Ryszard Szołtysik nie żyje. Był aktorem “Świata według Kiepskich”
Dla szerszej publiczności Ryszard Szołtysik pozostanie jednak przede wszystkim jednym z aktorów kultowego serialu „Świat według Kiepskich”, w którym z dużym dystansem wcielał się w role dziennikarzy. Jego występy w odcinkach takich jak „Złoty gol” czy „Doktor Śledzik i Mister Zgredzik” stanowiły doskonałe uzupełnienie barwnego świata mieszkańców wrocławskiej kamienicy.

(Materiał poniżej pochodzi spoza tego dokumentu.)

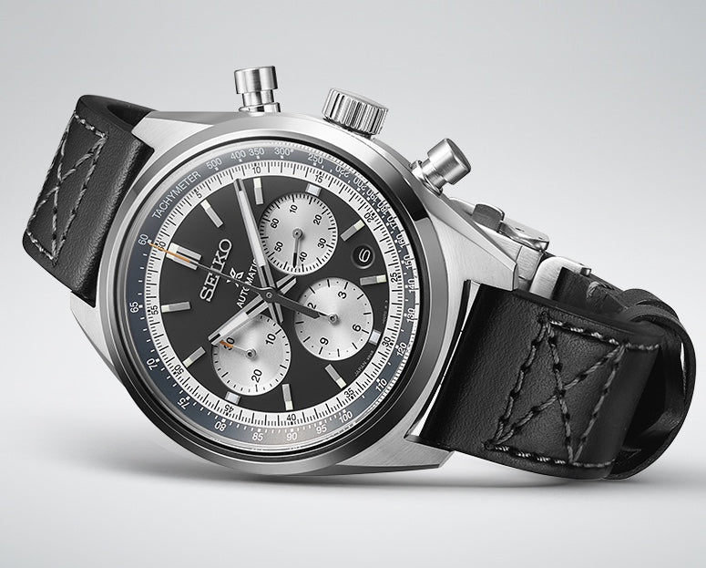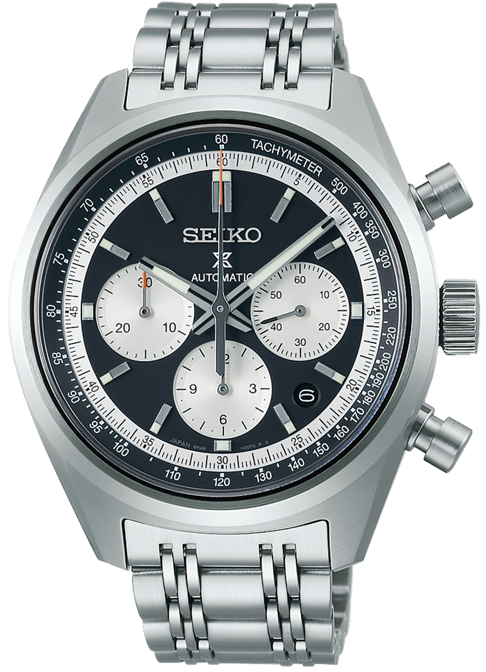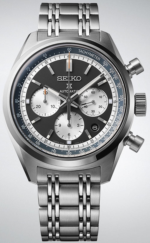 Prospex Speedtimer 'Panda' 1972 Chronograph Re-interpretation Limited Edition Seiko 100th Anniversary. This Prospex piece is a recreation of the 'Panda' Chronograph from 1972. The original evolved from the first Speedtimer (6139) in 1969 and is revived again to achieve a modern sports aesthetic.

Niestety, statystyki dotyczące obsady tej produkcji stają się coraz bardziej przygnębiające -Szołtysik jest już kolejnym zmarłym aktorem związanym z tym kultowym formatem. Jego odejście zamyka kolejny rozdział w historii polskiej telewizji prywatnej, którą budował od podstaw od lutego 1990 roku. Choć PTV Echo przestało nadawać w 1995 roku, legenda „echoludków” i etos pracy, który reprezentował Szołtysik, przetrwały w pamięci pokoleń dziennikarzy, dla których był on wzorem zawodowej rzetelności oraz pionierem nowoczesnego, odważnego dziennikarstwa sportowego i reportażowego.
Był nie tylko aktorem. Nie żyje Ryszard Szołtysik
Szołtysik zapisał się w pamięci kibiców przede wszystkim jako niezrównany komentator zmagań żużlowych, które w tamtym czasie święciły triumfy popularności.
Słynne transmisje meczów żużlowych Sparty Wrocław przyciągały do Echa rzesze kibiców - wspominają współpracownicy Szołtysika.
W pożegnalnym wpisie zauważono, że „za żużlowcami z kamerą Ryszard z kolegami jeździli po całej Polsce”, co świadczyło o jego ogromnej determinacji i miłości do czarnego sportu. Jednak jego horyzonty zawodowe wykraczały daleko poza stadiony.
Realizował się także jako twórca filmów dokumentalnych, reżyserując takie tytuły jak „Szalejów po powodzi” czy „Cud”. Ta wszechstronność pozwoliła mu zbudować silną pozycję zawodową, a jego wkład w dokumentowanie lokalnych wydarzeń i tragedii, takich jak skutki powodzi, stał się ważnym świadectwem tamtych trudnych dla regionu dolnośląskiego lat.
Tych aktorów "Świata według Kiepskich” pożegnaliśmy
Serial „Świat według Kiepskich” to fenomen, który bawił Polaków przez ponad dwie dekady, ale jego historia jest naznaczona wieloma pożegnaniami. Galeria niezapomnianych postaci pustoszała z roku na rok, pozostawiając fanów w głębokim smutku.
Największą stratą była śmierć filarów produkcji: Dariusza Gnatowskiego, czyli uwielbianego Arnolda Boczka, oraz Ryszarda Kotysa, który stworzył genialną postać Mariana Paździocha oraz Marzeny Kipiel-Sztuki - uwielbianej Halinki. Ich odejście w krótkim odstępie czasu położyło się cieniem na kontynuacji serialu. Wcześniej, w 2007 roku, pożegnaliśmy Krystynę Feldman, serialową babkę Rozalię, której cięty język był znakiem rozpoznawczym produkcji. Kolejną bolesną stratą była śmierć Bohdana Smolenia (listonosz Edzio) w 2016 roku.
Lista jest jednak znacznie dłuższa - odeszli także m.in. Zofia Czerwińska (Malinowska), Leon Niemczyk oraz odtwórcy ról epizodycznych. Każda z tych osób wniosła do kamienicy przy Ćwiartki 3/4 cząstkę wyjątkowego humoru, a ich odejście ostatecznie zakończyło pewną epokę w polskiej telewizji.